Database backup is somehow based on one of two principles:



  • Fetching data with subsequent saving in an arbitrary format;
  • Snapshot of database files and saving logs.


Let's take a closer look at these principles and the tools that implement them.



Uploading data



The set of utilities that come with any DBMS must have tools for uploading and downloading data. The data is stored either in text format or in a binary format specific to a particular DBMS. The table below lists these tools:



Binary format Text format

Oracle DataPump Export / DataPump Import

Export / Import
SQL * Plus / SQL * Loader
PostgreSQL pg_dump, pg_dumpall / pg_restore pg_dump, pg_dumpall / psql
Microsoft SQL Server bcp bcp
DB2 unload / load unload / load
MySQL mysqldump, mysqlpump / mysql, mysqlimport
MongoDB mongodump / mongorestore mongoexport / mongoimport
Cassandra nodetool snapshot / sstableloader cqlsh


The good thing about the text format is that it can be edited or even created by external programs, and the binary format, in turn, is good because it allows faster unloading and loading of data due to parallel loading and saving resources on format conversion.



Despite the simplicity and obviousness of the idea of ​​downloading data, this method is rarely used to back up loaded industrial bases. Here are the reasons why offloading is not suitable for a full backup:



  • the unloading process creates a significant load on the source system;
  • unloading takes a lot of time - by the time the unloading is finished, it will become irrelevant;
  • it is almost impossible to make a consistent unloading of the entire database under high load, since the DBMS is forced to keep a snapshot of its state at the time the unloading starts. The more transactions have been committed since the start of the upload, the larger the snapshot volume (out-of-date copies of data in PostgreSQL, undo space in Oracle, tempdb in Microsoft SQL Server, etc.);
  • unloading preserves the logical structure of data, but does not preserve their physical structure - parameters of physical storage of tables, indexes, etc.; rebuilding indexes at boot time can take a long time.


Nevertheless, unloading has advantages:



  • high selectivity: you can unload individual tables, individual fields, and even individual rows;
  • the uploaded data can be loaded into a database of another version, and if the upload is made in text format, then into another database.


Thus, unloading is mainly used for tasks such as backing up small tables (for example, directories) or distributing datasets with the next release of the application.



The most common method for backing up databases is copying database files.



"Cold" saving of database files



The obvious idea is to stop the database and copy all of its files.
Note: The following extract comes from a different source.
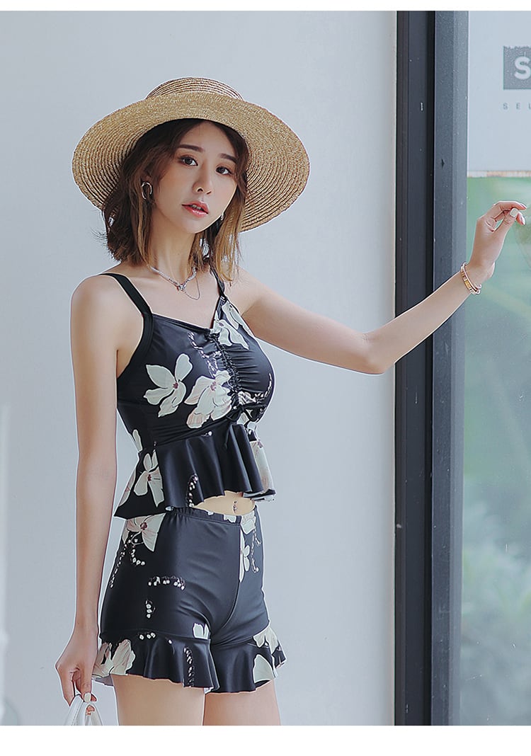 日焼け止め付きの大人っぽいフローラル柄の水着。

This is called a cold backup. The method is extremely reliable and simple, but it has two obvious drawbacks:



  • from a cold backup, you can restore only the state of the database that was at the time of shutdown; transactions made after the database restart will not be included in the "cold" backup;
  • not every database has a technological window when the database can be stopped.
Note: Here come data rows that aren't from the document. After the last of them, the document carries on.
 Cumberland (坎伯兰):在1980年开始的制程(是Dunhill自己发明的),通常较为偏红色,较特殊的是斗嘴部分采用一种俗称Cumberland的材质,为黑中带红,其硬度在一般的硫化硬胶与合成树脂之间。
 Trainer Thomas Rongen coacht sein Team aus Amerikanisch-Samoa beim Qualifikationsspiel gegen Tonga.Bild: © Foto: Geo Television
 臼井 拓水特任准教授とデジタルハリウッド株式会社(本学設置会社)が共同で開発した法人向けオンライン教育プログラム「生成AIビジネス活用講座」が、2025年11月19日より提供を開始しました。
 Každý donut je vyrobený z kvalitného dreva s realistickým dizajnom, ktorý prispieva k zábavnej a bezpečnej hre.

If you are happy with cold backups, remember that



  • «» . , «» , . , Oracle online redo, , , . PostgreSQL , , .
  • , . , «» .


«»



Most modern database backups are performed by copying the database files without stopping the database. Several problems are visible here:



  • At the start of copying, the contents of the database may not coincide with the contents of files, since some of the information is in the cache and has not yet been written to disk.
  • During copying, the contents of the database may change. If mutable data structures are used, the contents of the files change, and when immutable structures are used, the set of files changes: new files appear, and old ones are deleted.
  • Since writing data to the database and reading database files are not synchronized in any way, the backup program can read an incorrect page, in which half will be from the old version of the page and the other half from the new one.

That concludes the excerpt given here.